PropTech startup gets new chairman
University Cribs, a platform where students can find affordable housing, appointed seasoned entrepreneur David Murray-Hundley as its new chairman.
Murray-Hundley, who specialises in scaling firms, will help grow the firm. He’s already supported the likes of Borrow My Doggy, E Fundamentals, Crowdstacker and My Training Passport.
He met the company’s founders, Jack Jenkins, Daniel Jefferys and Christian Samuel, when they took part on Innovation Point’s Digital Dozen accelerator programme.
Jenkins said: “David sat on the judging panel when we initially pitched to be a part of the Digital Dozen accelerator. We were looking towards our next Seed funding round after a promising year, and I think he took a shine to us.
“We feel David’s appointment as chairman will help us deliver this for our shareholders. This move will become integral to our transition from a startup to a structured scaleup business.”
Murray-Hundley praised the company, saying: “Working with University Cribs on the Welsh accelerator, I’ve seen how the company has adapted to a challenging and constantly changing market.

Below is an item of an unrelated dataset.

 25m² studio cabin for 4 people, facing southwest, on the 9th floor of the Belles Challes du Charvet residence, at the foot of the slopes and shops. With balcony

“This funding round is a positive milestone on their journey, but there are some challenges ahead. I’m hoping I can use a few grey hairs to help them tackle those proactively.

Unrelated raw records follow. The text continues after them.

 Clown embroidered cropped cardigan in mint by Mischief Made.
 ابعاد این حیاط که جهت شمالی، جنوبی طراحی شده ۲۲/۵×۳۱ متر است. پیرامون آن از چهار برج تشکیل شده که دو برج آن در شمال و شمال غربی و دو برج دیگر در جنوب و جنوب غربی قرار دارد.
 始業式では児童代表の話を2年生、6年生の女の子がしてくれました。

Dutch FinTech to create 50 jobs
Dutch FinTech giant Backbase announced plans to create 50 new jobs in Cardiff after receiving investment from the Welsh Government.

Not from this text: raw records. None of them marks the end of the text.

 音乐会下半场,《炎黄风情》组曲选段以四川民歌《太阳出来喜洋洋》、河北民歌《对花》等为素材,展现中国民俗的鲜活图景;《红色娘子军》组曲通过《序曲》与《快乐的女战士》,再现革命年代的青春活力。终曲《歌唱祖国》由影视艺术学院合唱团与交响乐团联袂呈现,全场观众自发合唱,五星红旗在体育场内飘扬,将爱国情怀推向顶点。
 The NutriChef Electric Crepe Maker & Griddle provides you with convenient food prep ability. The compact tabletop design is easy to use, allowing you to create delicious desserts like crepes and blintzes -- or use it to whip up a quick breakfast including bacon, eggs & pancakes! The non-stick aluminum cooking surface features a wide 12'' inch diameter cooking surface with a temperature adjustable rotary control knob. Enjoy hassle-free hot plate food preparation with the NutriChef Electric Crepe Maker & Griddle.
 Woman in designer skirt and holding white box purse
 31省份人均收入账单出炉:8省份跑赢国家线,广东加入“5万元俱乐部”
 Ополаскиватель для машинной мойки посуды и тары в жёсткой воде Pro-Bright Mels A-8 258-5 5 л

Speaking in March, Economy Secretary Ken Skates said the company will be expanding its research and development facility in the Welsh capital. It already has offices in Europe, the US and Asia.
The company develops omni-channel banking software. It’s offering positions across areas such as software development, software testing and client support.
Chris Whitcombe, CTO of Backbase Wales, said: “The partnership with the Welsh Government was instrumental in bringing Backbase to Wales, not just in terms of making it easy but the relationships they have been able to introduce us to.
“The tremendous pool of talent in the fintech sector and the better work life balance available were also factors in our decision to invest in Wales.”
New school of technology opens
The Cardiff School of Technologies, which will recruit two thousand students by 2024, was formally launched at the Welsh Assembly last month
Based at Cardiff Metropolitan University, the institution is aimed at supporting the needs of the Welsh technology sector. It’ll offer courses in areas such as data science, cyber security, mobile computing, artificial intelligence and systems engineering.
Speaking to an audience of politicians, business partners and leaders, entrepreneurs, students and academics, Cardiff Met vice-chancellor Cara Aitchison said the school will accelerate the growth of Welsh tech.
“This new proposal has been developed following extensive research and consultation, and will have significant impact on the economy of the City and the wider Cardiff Capital Region,” she said.
“The proposed new school is focused on education, research, innovation and higher-level skills in digital media and smart technology, data science and informatics, and systems engineering and design technology.”